School has begun, and I'm happy about it. I've resolved to walk to and from class this semester. That's Monday afternoons, Tuesday mornings, then again on Tuesday afternoons. Takes about 20 minutes each way. One of the reasons we picked this house was its proximity to campus. When we moved it, we immediately bought bikes, which have sat in the basement ever since. I don't trust Johnson City drivers not to hit me. Plus there's a big hill that's difficult to peddle up if you're as out of shape as I am. Walking is great, though, and my metabolism is picking up pretty quickly because of it. Because I work from my La-Z-Boy, I've been amazingly sedentary for the past year or so.

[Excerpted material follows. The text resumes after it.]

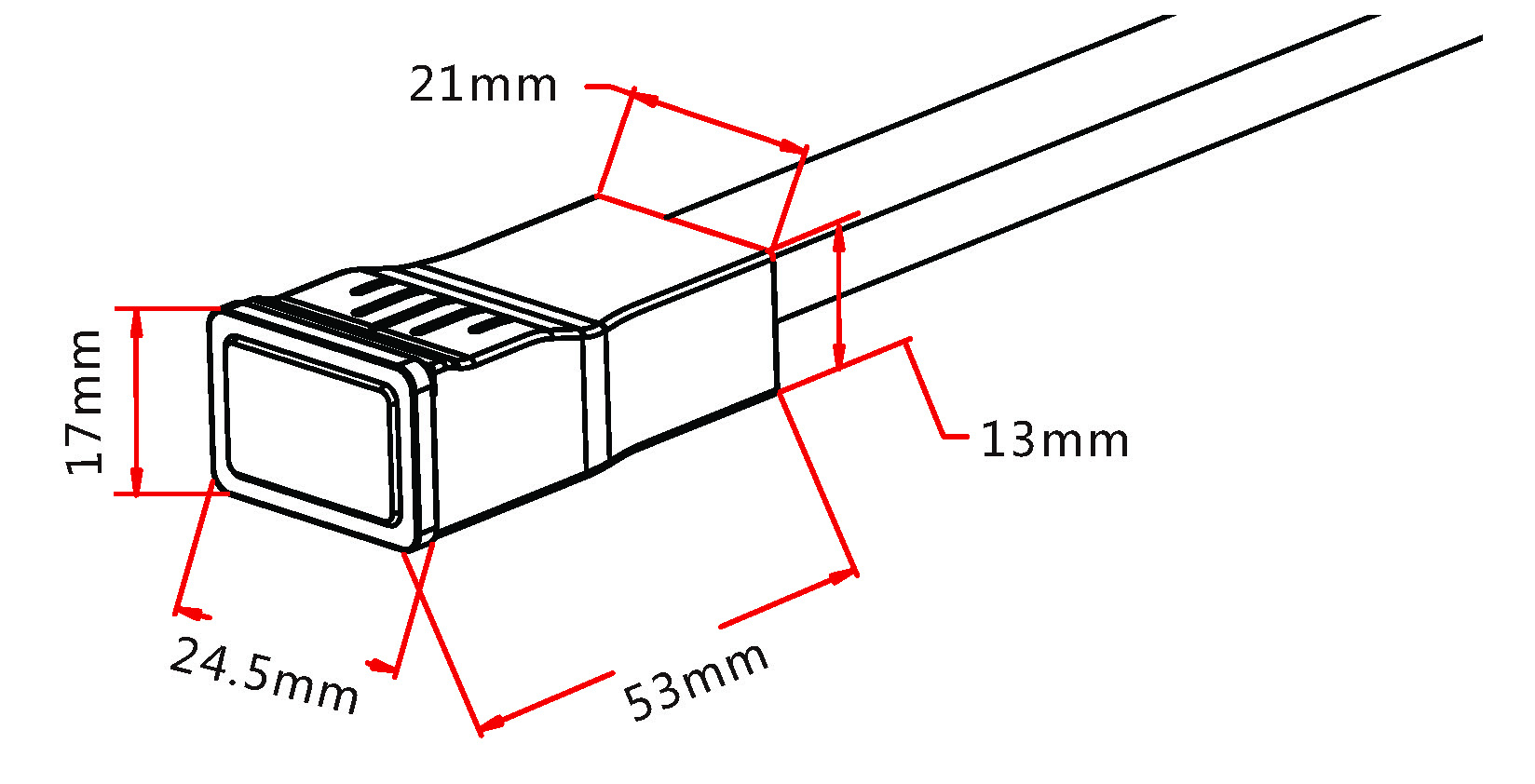 - LxWxH in mm: 57 x 26,5 x 17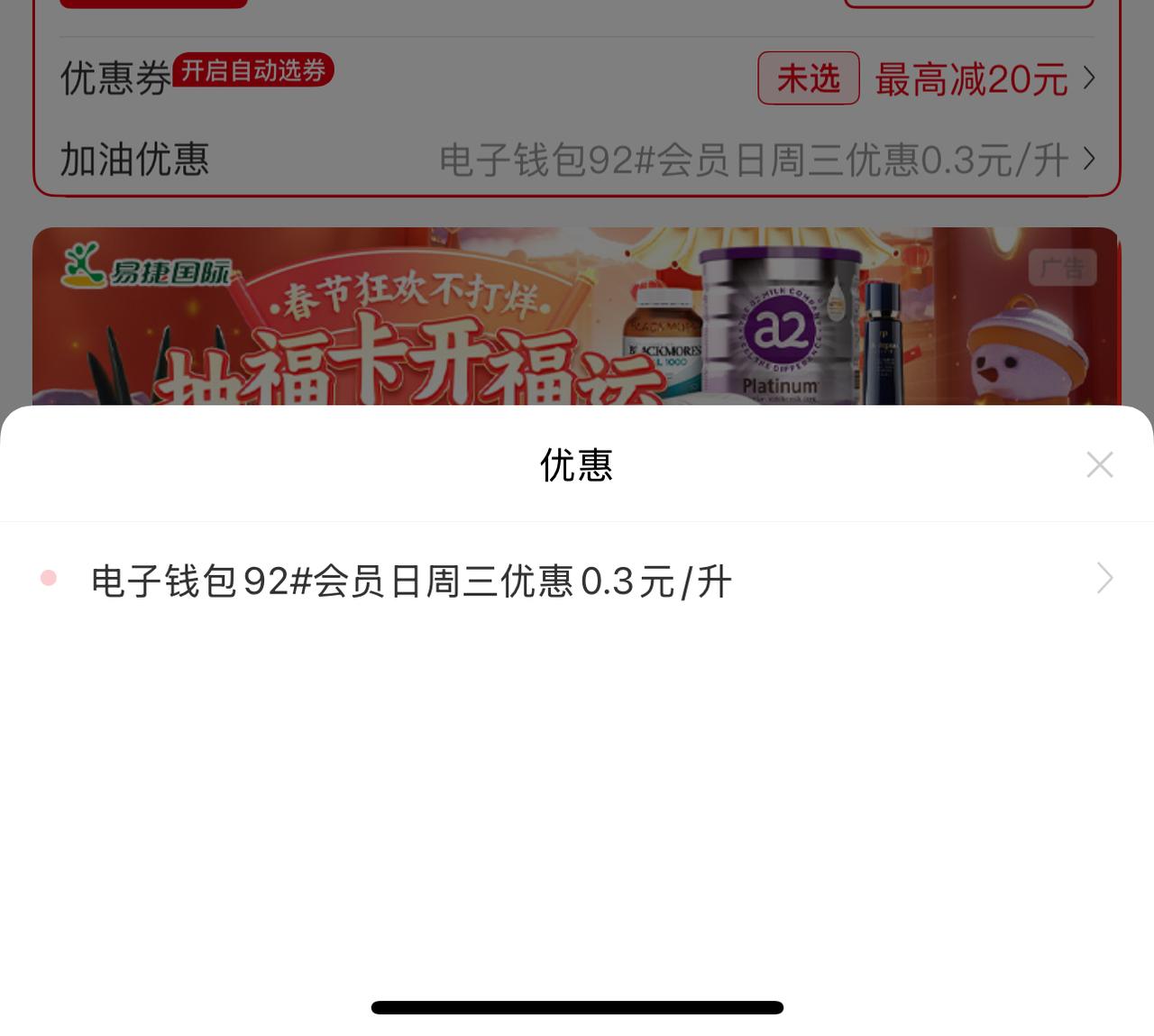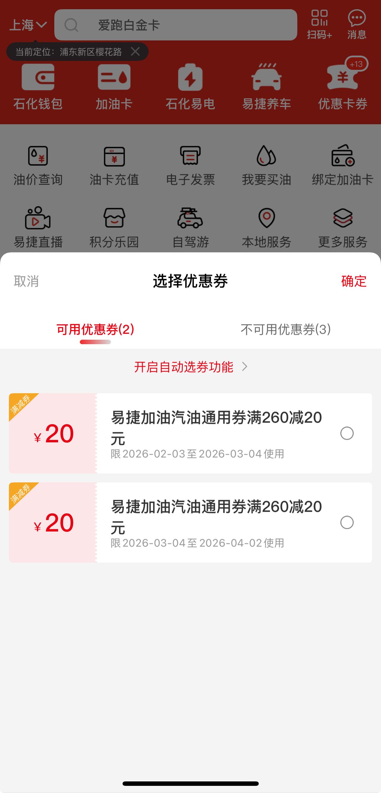 今天收到中石化的短信:“尊敬的客户您好,共有1张油品满减券与1张高标号油品满减券等待您的使用。仅限上海中国石化加油站使用,具体使用规则请登录易捷加油APP,点击券规则查看”。这才发现中石化会经常发加油优惠券,以前居然都没有用,过期好多张。一想现在美伊打了起来,3月9日下一次油调价肯定是上涨,正好去加油。 加油站车不多,不用排队直接就加上了。优惠券使用很简单,使用易捷加油程序时,直接在石化钱包下面选择对应的优惠券,加油时达到一定金额可以直接抵扣。今天还正好是周三会员日,又优惠了0.3元/升。如果有浦发信用卡的话,每周六上午10点充值满200还会立减16.6。 现在92号汽油为7.04元,95号汽油为7.49元,加了39升油优惠了35元,还算不错。

Speaking of classes, I ought to be doing homework right now. I think I'm gonna have to rearrange my work schedule so I don't work 10 hours on Wednesdays. I can do that on Mondays, but I need more time on Wednesday for the homework assigned on Tuesday that's due on Thursday. I was assigned yesterday to learn and tell a story tomorrow- a story I really don't know and have no idea how to perform. In other academic news, I'm thinking I might reconsider getting an MFA in Directing when I finish this current degree. Now I'm thinking a PhD in Performance Studies might serve me better. What do you think? I'd like to do something on effective visual actor-created imagery in narrative performance as my dissertation. Besides the Performance Studies option, the University of Colorado offers a PhD in research for directors, and that really might be right up my alley. Plus it's in Boulder, and you know I love me some Boulder. But Eric would hate the winters, even as I joyfully made snowmen.
There was some lovely snow on the mountain behind my house today, but I didn't really notice it till it was too dark to take a picture. There may be more snow tomorrow- I'll post a pic if there is.
I went to the Counseling Center on campus yesterday. Since ETSU has a medical school, they have honest-to-gosh psychiatrists who can prescribe my meds for me. I'll still have to see a psychologist in addition to the MD, but the counselor agreed that I really don't need it and once a month is fine just to fulfill the requirement. I should have my meds in 2 weeks, thank goodness. Eric says I'm having mood swings that I don't recognize. All I know is that it's way difficult to get up in the morning, I'm not eating enough, and A Beer After Work has turned into Three Beers After Work. And I know that when that happens, it's a pattern I need to do something about. I know meds are too frequently prescribed for people who don't actually have brain chemistry disorders. But for those of us whose chemistry is out of whack, meds can do wonders. I'm also hoping that when meds manage to bring my stress level down, maybe it'll do something to help my TMJ, which has gone CRAZY. I keep all my tension in my neck, and right now I can barely open my mouth wide enough to eat a sandwich. A Big Mac would be out of the question. And that's not good for a singer. I started taking glucosamine and chondroitin for the TMJ, and it has helped a lot, believe it or not.
Anyway, it's a lovely (if very cold) night here on the front porch. Hope all is well with both of you who see this.